I didn’t look back until the end of the segment and when I did, I’d dropped everyone. The other gentleman came by and said, “you know the couple on the tandem tried to keep up and then pulled over and they were puking”.
I thought – on a ride with your wife, why would you go so hard that she had to puke? => it’s how we roll I guess…
The key to how fucked up you are is the line where you say, “At the end of a 70 mile ride I was riding home…”

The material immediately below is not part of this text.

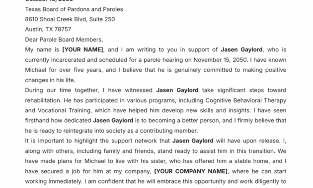 Support Letter Template for Parole

Well, if you’re still riding it’s still not the end of the ride, but in the typical delusional state we segregate “riding” from merely “pedaling the bike” or “using the bike to actually go somewhere like home, work, funeral parlor, etc.”
In fact, if you’re truly ill, and being in the top-anything on Strava means you are, you probably don’t even count the miles that you ride “after the ride” as actual riding. They’re called “cool down” or something. Not real miles. Of course not.
Surfer Dan and I were laughing our asses off about this after a ride, while I was riding home, but you see, the 1,100 feet of climbing to get to the top of the Hill wasn’t part of the ride, because neither of us was really riding up it. You know, we weren’t gasping, wild-eyed, etc. Dan also commented about how sprunting with bike pathaletes on his cruiser bike NEVER counted as riding or miles or anything, despite the anaerobic state, because you can’t actually “ride” on a fat-tire cruiser bike.
Finally, I like the fact that after making some dude vomit, you blamed him for it. NICE!!!!
I’d recommend you to a good therapist, but am afraid that you’d make me go first, and I’m too busy riding to get therapy.